1.12. Other assigned duties and responsibilities are effectively accomplished.

Assumes any other duties and responsibilities assigned as appropriate to the purpose of this post, and delivers the results as required.

  1. To qualify as an advocate for every child you will have…
  • Advanced university degree in Public Health and Nutrition, Child Development, Water Sanitation, Community Development, or other relevant disciplines.
  • Five years of professional work experience at the national and international levels in planning, programming, implementation monitoring and evaluation of technical cooperation programmes related to Health and Nutrition. Professional work experience in a managerial position, or a technical expert position in child survival & development, health and nutrition care.
  • Developing country work experience or field work experience.
  • Background/familiarity with Emergency.
  • Fluency in French and English is required. Knowledge of the local language of the duty station is an asset
  1. Additional requirements & Experience

For every Child, you demonstrate…

. UNICEF’ values and competency Required (based on the updated Framework)

i) Core Values

  • Care
  • Respect
  • Integrity
  • Trust
  • Accountability

ii) Core Competencies

  • Builds and maintains partnerships
  • Demonstrates self-awareness and ethical awareness
  • Innovates and embraces change
  • Drive to achieve results for impact
  • Manages ambiguity and complexity
  • Thinks and acts strategically
  • Works collaboratively with others
  • Nurtures, leads, and manages people

UNICEF is committed to diversity and inclusion within its workforce, and encourages all candidates, irrespective of gender, nationality, religious and ethnic backgrounds, including persons living with disabilities, to apply to become a part of the organization.

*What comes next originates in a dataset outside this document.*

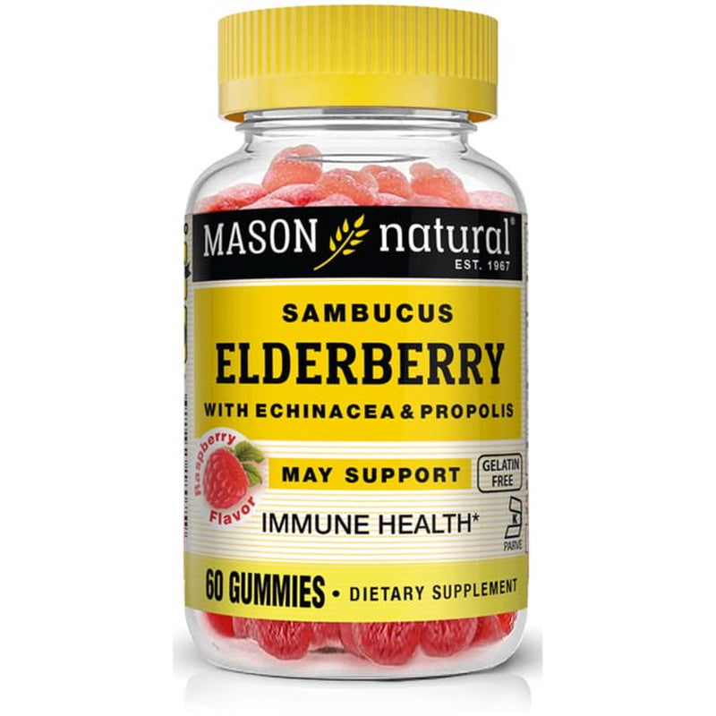 Mason Natural Sambucus Elderberry Gummies with Echinacea & Propolis - Antioxidant Immune System Support Supplement with Vitamin C, 60 Gummies
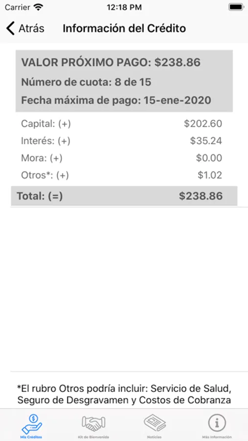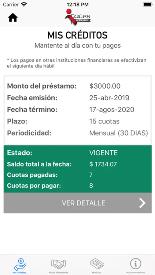 -Realice consultas del estado de su crédito vigente, fechas de pago, monto de cuotas y detalle de los valores a pagar.

UNICEF has a zero-tolerance policy on conduct that is incompatible with the aims and objectives of the United Nations and UNICEF, including sexual exploitation and abuse, sexual harassment, abuse of authority and discrimination. UNICEF also adheres to strict child safeguarding principles. All selected candidates will be expected to adhere to these standards and principles and will therefore undergo rigorous reference and background checks. Background checks will include the verification of academic credential(s) and employment history. Selected candidates may be required to provide additional information to conduct a background check.


Mobility is a condition of international professional employment with UNICEF and an underlying premise of the international civil service.

Only shortlisted candidates will be contacted and advance to the next stage of the selection process.